Evaluation of the behaviour might be followed by an interpretation of why things happened this way (that is an interpretation of the causal relationship between user actions and microworld behaviour) and of a reflection/evaluation on the user action. Reflection on user actions is usually indirect because it is based on the impact these actions are having on the microworld (i.e. which action on the microworld caused this behaviour). Evaluation is necessary for the next action the way a chess player takes into account his/her opponent’s actions. It is in this sense that the evaluation of the microworld behaviour is a prerequisite for the next action on the microworld --- it shapes and directs the user interaction with the microworld. If such an evaluation will not take place then it is most likely that the learner will perform, at best, random actions on the microworld and may not complete the task. For this reason some microworlds scaffold evaluation providing explicit feedback for example through intelligent analysis of a certain task the student is undertaking drawing explicit attention to the lack of a goal achievement (see Mavrikis et al., to appear). Our analysis in the data section shows the focus of student evaluation of microworld behaviour and how students handle impasses during their interaction with the microworld. More often than not, evaluation might trigger the need for social interaction and particularly help-seeking on behalf of the learner or can be used as an opportunity for a justified intervention on behalf of a teacher. After summarising the characteristics of microworld feedback we elaborate on the social element of evaluation.
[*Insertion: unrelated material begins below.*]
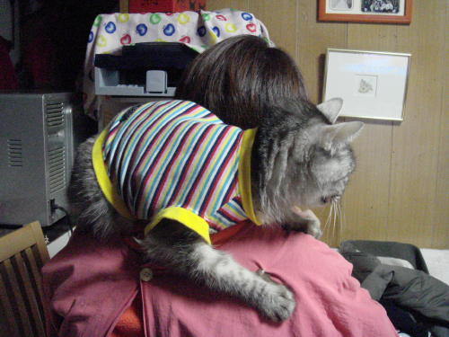 昨日は皆さんσ(⌒▽⌒;) ボクのクイズにお答え頂いて~(=^‥^)/。・:*:・゜★,。・:*:・゜☆ ありがとニャ!僕はね毎日ココに居るんだよココに居ると凄く安心してしまうのだよ(*^m^*) ムフッでも。。。。。。。。。┗(-_-;)┛オ・・オモイ… からどいて!!てと言われるんだ。。。ρ(▼、▼*)チェッでも直ぐにまた乗って安心して過ごしてるのだよで!そのσ(⌒▽⌒;) ボクの凄く好きな安心できる場所はρ( ̄∇ ̄o) コレ母の肩の上で過ごすのて最高だよ~正解した方オメデトーσ(⌒▽⌒)丿今日は良い事あるよキットうふ♪(* ̄ー ̄)v

The characteristics of microworld feedback

We described above how the transformation mechanism in constructionist environments shapes the feedback generated by the microworld (microworld behaviour) as a response to user’s action. This feedback has the following characteristics:

§  It is another representation of the user action (consider for example the command “fd 5” typed in the Logo editor which is transformed in a representation of a line of specific length) which

o   is relevant to the concept under investigation

o   is usually a specific object or a phenomenon (Balacheff & Sutherland, 1994)

o   is familiar to the learner so that it allows perceptual control of the actions on the microworld (ibid). (The learner knows what a sketch of a house looks like – connecting the new with the familiar Papert 1980)

o   evolves along with the learning process (Balacheff & Sutherland, 1994) as this process is manifested through the learner actions

§  It is an integral part of the microworld design and it is generated according to a “domain of phenomenology (ibid)” which in essence determines the translation mechanism, that is how user actions will be transformed into microworld behaviour and what kind of behaviour would this be (“phenomena at the surface of the screen” ibid). Thus, the domain of phenomenology actually determines which representation of user actions is best for supporting the negotiation of meanings with the specific microworld (consider here the idea of “body syntonicity” Papert 1980 dominant in the turtle graphics which leads into the drawing of shapes as the trace of a moving turtle – the case of circle here is indicative)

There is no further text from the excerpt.